Thursday, 19 August 2010

Stronger wildlife laws needed, officials say


via Khmer NZ

Thursday, 19 August 2010 15:02 Chhay Channyda

NEW laws and harsher penalties are needed to prosecute people who trade in illegal wildlife, government officials said yesterday.

Speaking at the opening of a two-day regional anti-wildlife trafficking workshop in Phnom Penh, Justice Minister Ang Vong Vathana said that a lack of concrete wildlife management legislation combined with weak penalties for illegal traders meant there was little to deter would-be perpetrators.

“Wildlife trade is a serious problem threatening the national resources of Cambodia,” he said.

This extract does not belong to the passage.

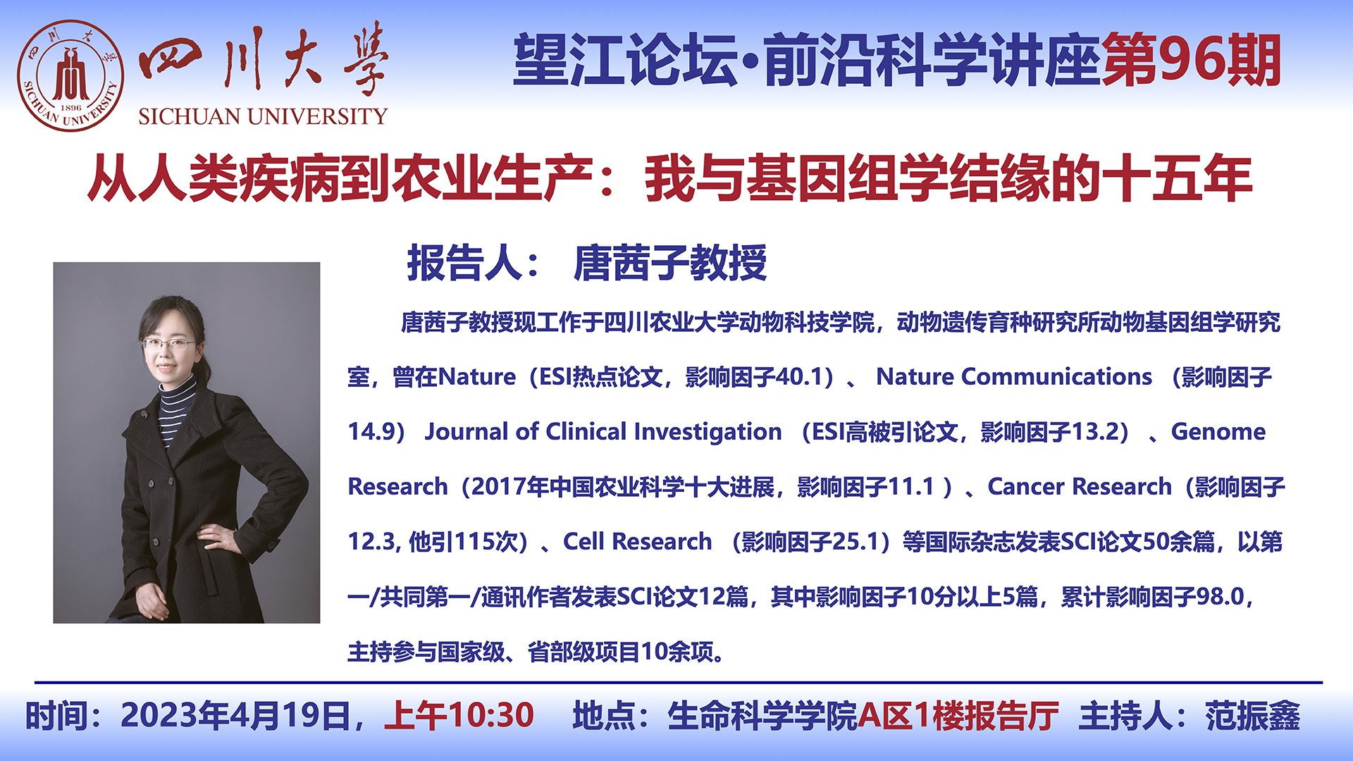 望江论坛-前沿科学讲座(第96期):唐茜子4月19日学术报告

According to Article 93 of Cambodia’s Law on Forestry, passed in 2002, individuals found guilty of trading illegally in wildlife face prison sentences of up to 10 years and fines of up to 100 million riels (US$23,518).

Tim Sipha, director of the Legislation and Law Enforcement Department at the Ministry of Agriculture, Forestry and Fisheries, said that 44 suspects had been sent to court charged with wildlife crimes so far this year.

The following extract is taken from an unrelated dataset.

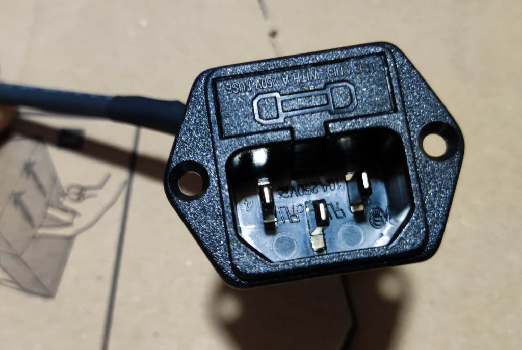 Ich kaufte die elektrische Ausrüstung bestehend aus einem C13-Stecker mit Sicherung und einem Kabel mit einem 3-poligen wasserdichten Stecker und einem 2-Meter-Kabel (20 cm reichen jedoch).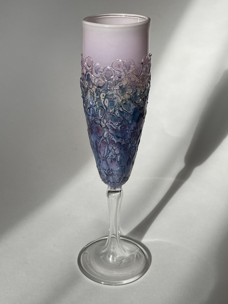 Această piesă unică este un Pahar de șampanie din sticlă artistică texturată , cu un design gradient care se estompează de la o nuanță deschisă de lavandă sau roz-violet la margine la un albastru intens și violet la bază. Baza texturată îi conferă un aspect distinct, adesea creată folosind un model de rășină sau ca o piesă suflată manual.

“Wildlife crimes happen most in northeastern parts of the country where there are many forests,” he said.

Suon Sovann, deputy director of the Forestry Administration’s Legislation and Law Enforcement Department, said the government considered wildlife to be state property, and that it was therefore the state’s responsibility to protect species from poaching.

He said that most Cambodian wildlife trafficking was across the border for sale in neighbouring Vietnam and Laos.